オーディションを終えたレイナは大きく深呼吸した。見上げると空が色鮮やかな茜色に染まっている。たまらず彼女は空に向って叫んだ。「夢は必ず叶うものなのよ」
そう言うとすっきりしたのか、夕日に微笑みスキップして会場を後にした・・。


12月も半ばを過ぎた頃、街はにわかに賑わいをみせていた。ストリートではサンタクロースの衣装を着た大道芸人が芸を披露し、白髪の老人はサックスでラブソングを奏でている。皆、クリスマスが待ち切れずにいるのだ。そんなメンフィスの町のカフェで学生時代からの親友、ジュードがレイナにこんな事を言い出した。

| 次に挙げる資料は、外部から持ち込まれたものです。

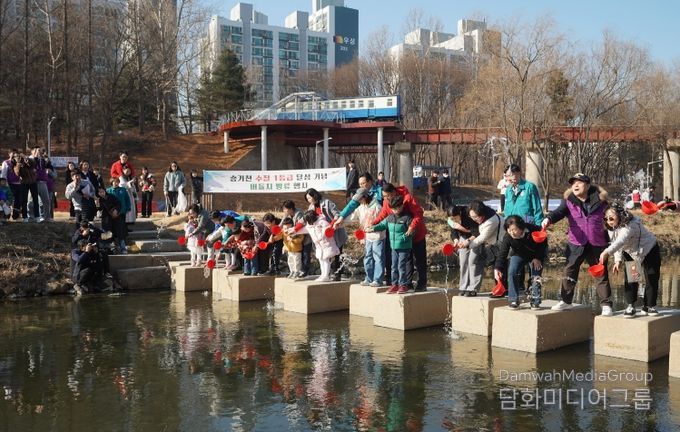 연수구는 25일 승기천 연수체육공원 일대에서 주민, 자원봉사자, 관계기관, ‘1사1하천 가꾸기 운동’ 참여기업 등 200여 명이 참여한 가운데 ‘승기천 수질 1등급 달성 기념 환경정화 및 버들치 방류 행사’를 개최했다.
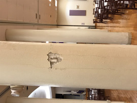 One of the columns in S/U Ballroom has been hit with a wall section and the plaster is broken of and requires repair.
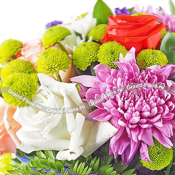 ЛЮКС: роза розовая - 2 шт., роза белая - 2 шт., роза красная - 5 шт., хризантема одноголовая белая - 2 шт., хризантема одноголовая зеленая (шамрок) - 2 шт., хризантема одноголовая фиолетовая - 2 шт., хризантема кустовая зеленая (сантини) - 2 шт., хризантема кустовая розовая - 2 шт., статица - 1 шт., декоративная зелень, фетр фиолетовый, + коробка конфет в подарок.
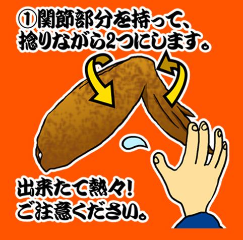 必読★酔っ手羽名物★伝説の手羽先の愉しみ方【その1】関節部分をもって、ひねりながら2つにします。出来立て熱々!ご注意下さい。
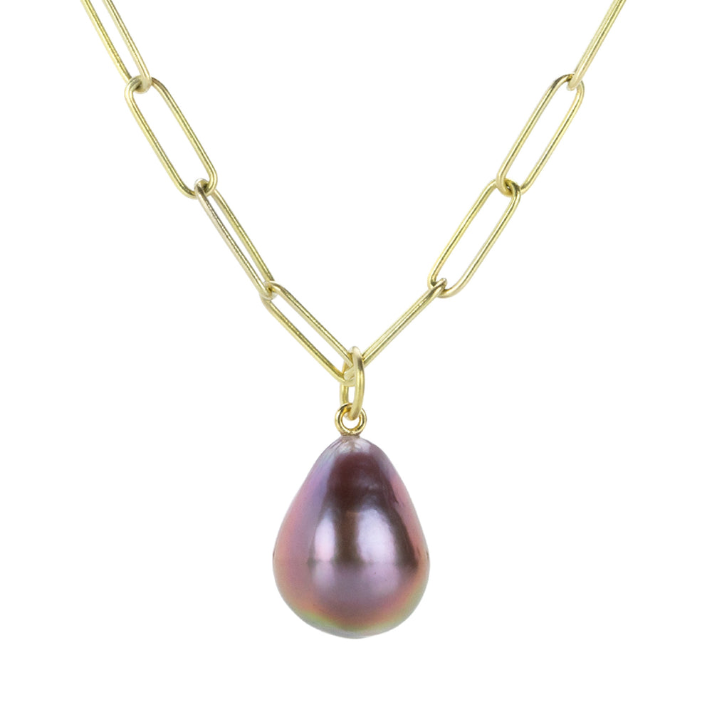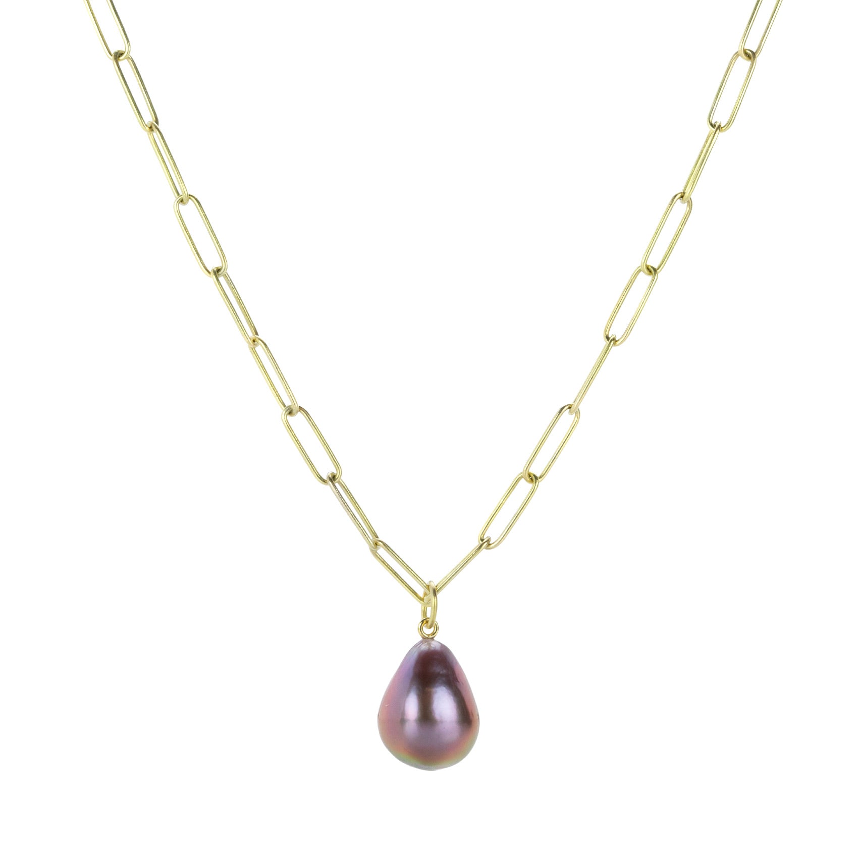 Soft and serene, this Maria Beaulieu piece is a perfect reflection of your gentle soul. Straight from the heart of the sea to yours, the 18k yellow gold pendant features a 12mm x 16mm metallic purple baroque freshwater pearl. Total length measures 7/8“. Pair it with one of the artist’s coveted handmade chains to complete the designer look. Chain sold separately. Handcrafted in Brooklyn, NY, U.S.

「来週、クリスマスパーティがあるんだけど君も来ないかい?」
彼女はすぐに頷いた。なぜなら昔から彼に友達以上の感情を抱いていたからである。
ずっと心に隠して言えなかった事、それは彼を愛しているという気持ち。もう伝えるしかない!オーディションに合格していれば10日後にはNYへ発たねばならないのだ。「勇気を出すのよレイナ!」
そう自分に言い聞かせた彼女は次の瞬間、彼にこんな質問を投げかけたのだった。

「ねぇ、ジュ―ド!今、好きな娘っているの?」
TVのNBA中継に夢中になっていた彼は面倒くさそうにこう答えた。
「え?何だよ急に。そうだな、ミッシェルかな」

彼は適当に答えたつもりだった。しかし一気に地獄へと突き落とされた気持ちにかりたたれたレイナは自分でも思ってもいないセリフを口に出してしまった。

「彼女は親友だし、素敵な娘よ!私が手助けしてあげるわ」

その後、彼と何を話したかは覚えていない。ただ、何度もトイレに行っては彼に気付かれぬ様、涙を流していた事は覚えている。それはそんな失恋映画にありがちな儚い夜の幕切れだった。

1週間後、グレースランドのクラブでは様々な衣装に仮装した男女が踊り、入り交じっていた。司会はジュ―ドの親友、デビットが務めている。「さぁ皆、シークレットサンタを始めるからクジを引いてくれ」
ルールは簡単。各々に持参したプレゼントの表紙に名前を記し、引いた番号の品が貰えるという仕組みである。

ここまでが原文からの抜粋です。